Classifiers as Knowledge Models
The Concept
A trained classifier can be understood as a crystallized representation of tacit knowledge, the implicit expertise that domain experts have built through experience but can’t easily articulate.
Why This Matters
We usually think of ML models as pattern-matching engines. Train on examples, find statistical regularities, apply to new data. This framing is technically accurate but misses something important.
When the training data consists of human judgments, the model is learning to approximate human decision-making. If those humans are experts making professional judgments, the model is approximating expertise.
This reframes what you’re building. You’re not just building a classifier. You’re building an operational representation of what experts know but can’t fully explain.
How It Works
Drawing from Nonaka’s knowledge creation theory:
Explicit knowledge can be expressed in formal language, data, specifications, manuals. It’s shareable and storable.
Tacit knowledge is personal and hard to formalize. Intuitions, hunches, pattern recognition built through years of experience. It’s demonstrated in practice but not fully expressible in words.
Market researchers reviewing video for highlights are exercising tacit knowledge. They know a valuable moment when they see it, but they can’t give you a checklist that fully captures what they’re looking for.

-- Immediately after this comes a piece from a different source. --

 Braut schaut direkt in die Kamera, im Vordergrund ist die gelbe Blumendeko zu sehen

When you train a classifier on their selections, you’re aggregating the tacit models of multiple experts into an explicit, operational form. The classifier embodies their collective judgment.
Implications
For model development: The quality of your training labels matters differently. You’re not just looking for accuracy, you’re looking for labels that reflect genuine expertise. Noisy labels from non-experts produce models that crystallize noise, not knowledge.

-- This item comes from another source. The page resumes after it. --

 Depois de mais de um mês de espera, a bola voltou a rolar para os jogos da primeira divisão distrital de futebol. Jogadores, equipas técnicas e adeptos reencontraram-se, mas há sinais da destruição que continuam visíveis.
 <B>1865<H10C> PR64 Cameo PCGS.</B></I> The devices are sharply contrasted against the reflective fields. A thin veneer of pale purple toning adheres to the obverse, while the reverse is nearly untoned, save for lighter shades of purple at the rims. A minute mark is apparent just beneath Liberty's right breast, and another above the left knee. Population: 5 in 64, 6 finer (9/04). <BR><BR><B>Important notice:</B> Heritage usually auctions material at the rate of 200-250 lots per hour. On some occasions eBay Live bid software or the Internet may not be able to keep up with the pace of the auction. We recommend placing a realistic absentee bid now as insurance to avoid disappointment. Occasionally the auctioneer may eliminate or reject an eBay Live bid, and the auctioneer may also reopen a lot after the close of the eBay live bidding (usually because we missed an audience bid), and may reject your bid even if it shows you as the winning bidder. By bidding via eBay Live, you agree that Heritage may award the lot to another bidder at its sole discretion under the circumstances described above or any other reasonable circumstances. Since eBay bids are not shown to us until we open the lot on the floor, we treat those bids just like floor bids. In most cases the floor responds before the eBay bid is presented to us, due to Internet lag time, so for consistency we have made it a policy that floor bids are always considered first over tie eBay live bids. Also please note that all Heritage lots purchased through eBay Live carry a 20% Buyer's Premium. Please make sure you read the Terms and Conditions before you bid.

For model interpretation: Attention weights, feature importance, and other interpretability techniques become tools for surfacing tacit knowledge, not just debugging models. What did experts implicitly care about that even they didn’t realize?
For organizational knowledge: This creates a path from tacit to explicit knowledge, one of the hardest knowledge management problems. The model doesn’t replace experts, but it makes their expertise portable, scalable, and examinable.
For model evaluation: Beyond accuracy metrics, ask: does this model make decisions the way an expert would? Would an expert look at its outputs and say “yes, that’s right”? Pure statistical evaluation may miss systematic departures from expert reasoning.
Limitations
The model captures statistical regularities in expert judgment, not the reasoning behind it. It can approximate what experts select without understanding why.
Tacit knowledge includes context-sensitivity that may not be present in training data. Experts might make different judgments in different situations in ways the model can’t adapt to.
If expert judgment is biased or inconsistent, the model crystallizes those biases and inconsistencies.